Requirement: Find the line below with "Wallpaper Girl eating watermelon" and the line with "Over 35 Burger". Output them and the lines between, exactly, but not the pictures.

Material provided:
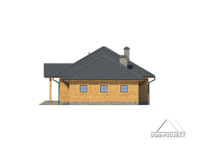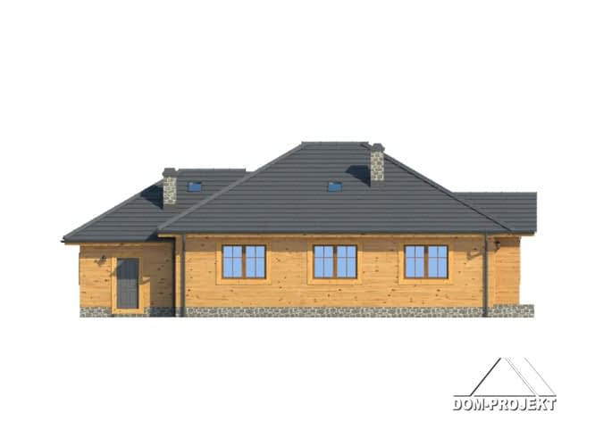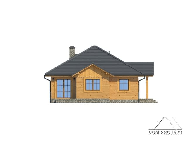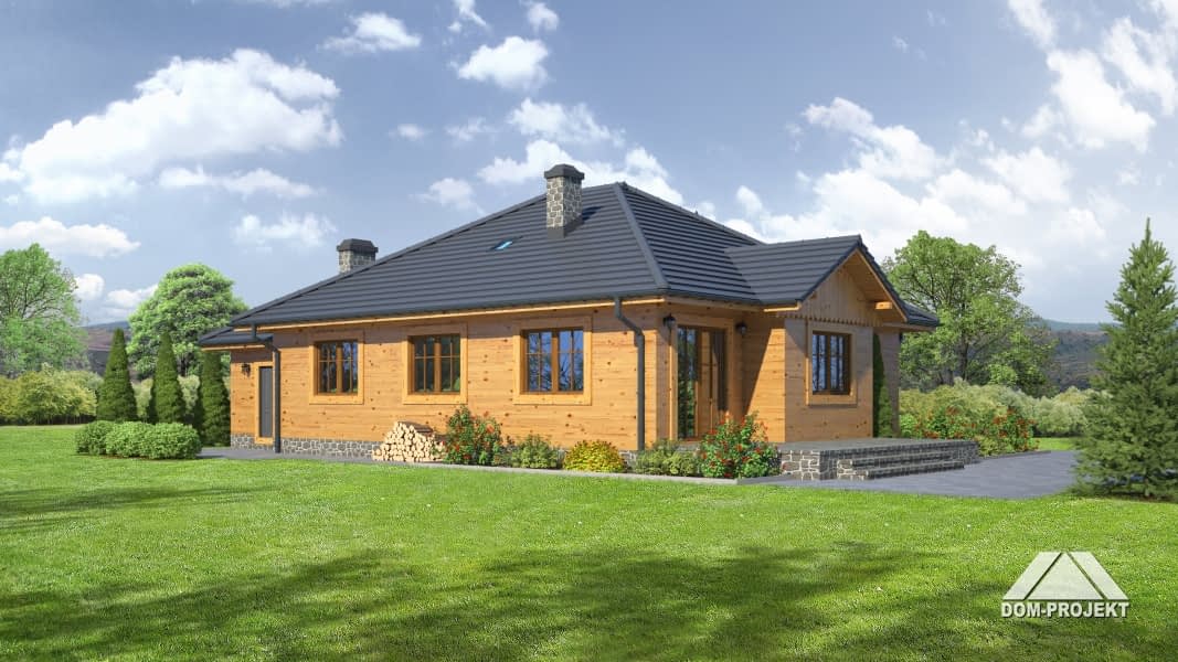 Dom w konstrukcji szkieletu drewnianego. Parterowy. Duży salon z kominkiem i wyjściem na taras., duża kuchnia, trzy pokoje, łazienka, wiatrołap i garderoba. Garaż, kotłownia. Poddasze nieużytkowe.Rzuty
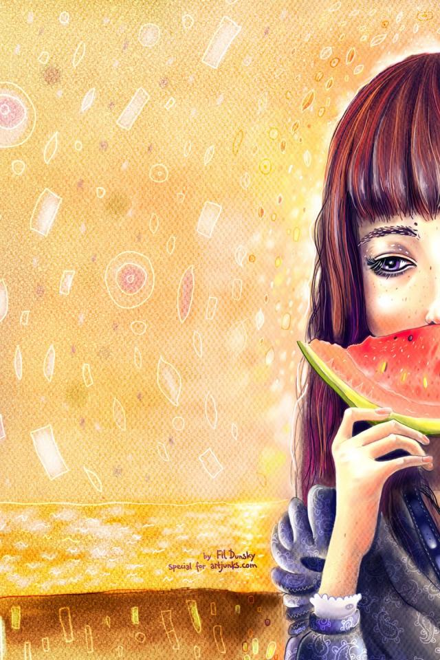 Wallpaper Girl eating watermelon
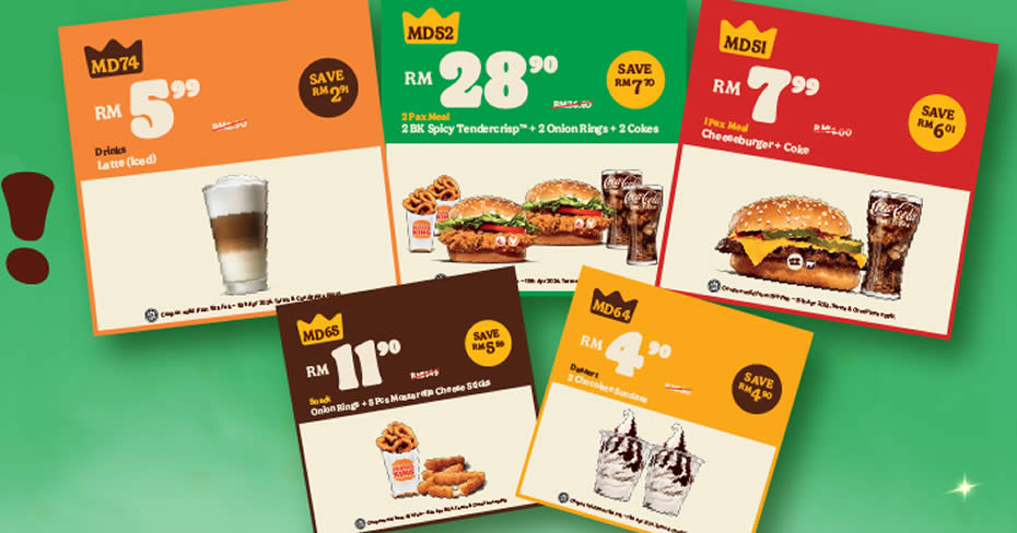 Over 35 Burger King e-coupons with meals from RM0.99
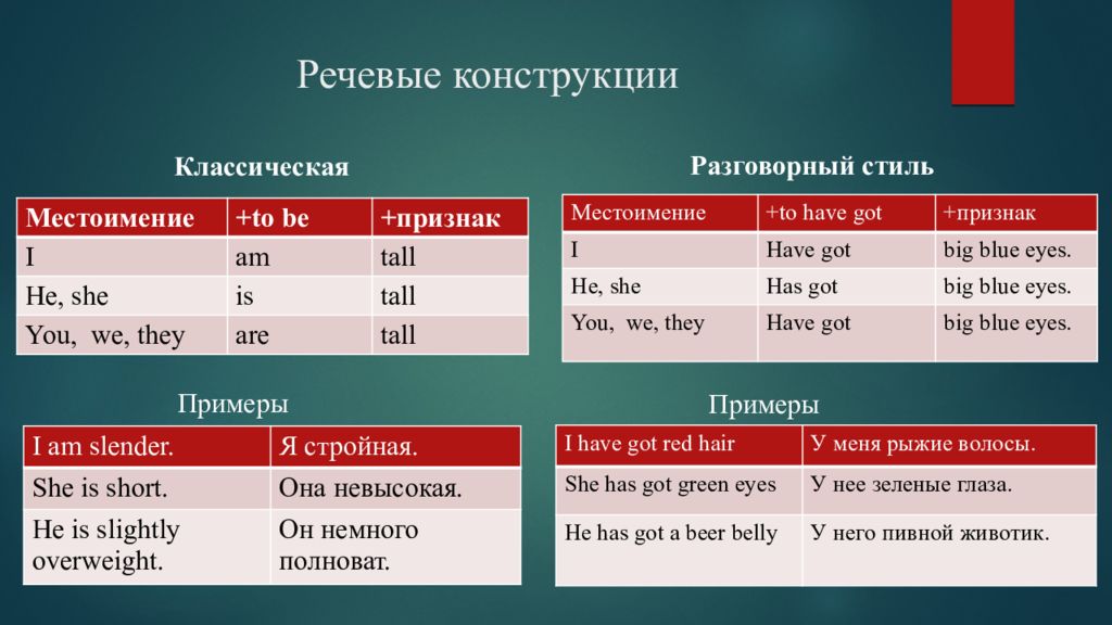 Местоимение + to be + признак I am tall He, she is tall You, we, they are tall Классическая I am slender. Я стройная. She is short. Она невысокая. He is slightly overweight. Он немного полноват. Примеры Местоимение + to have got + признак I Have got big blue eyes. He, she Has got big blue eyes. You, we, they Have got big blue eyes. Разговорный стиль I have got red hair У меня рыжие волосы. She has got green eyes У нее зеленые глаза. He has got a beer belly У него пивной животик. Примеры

Finished exercise:
 Wallpaper Girl eating watermelon
 Over 35 Burger King e-coupons with meals from RM0.99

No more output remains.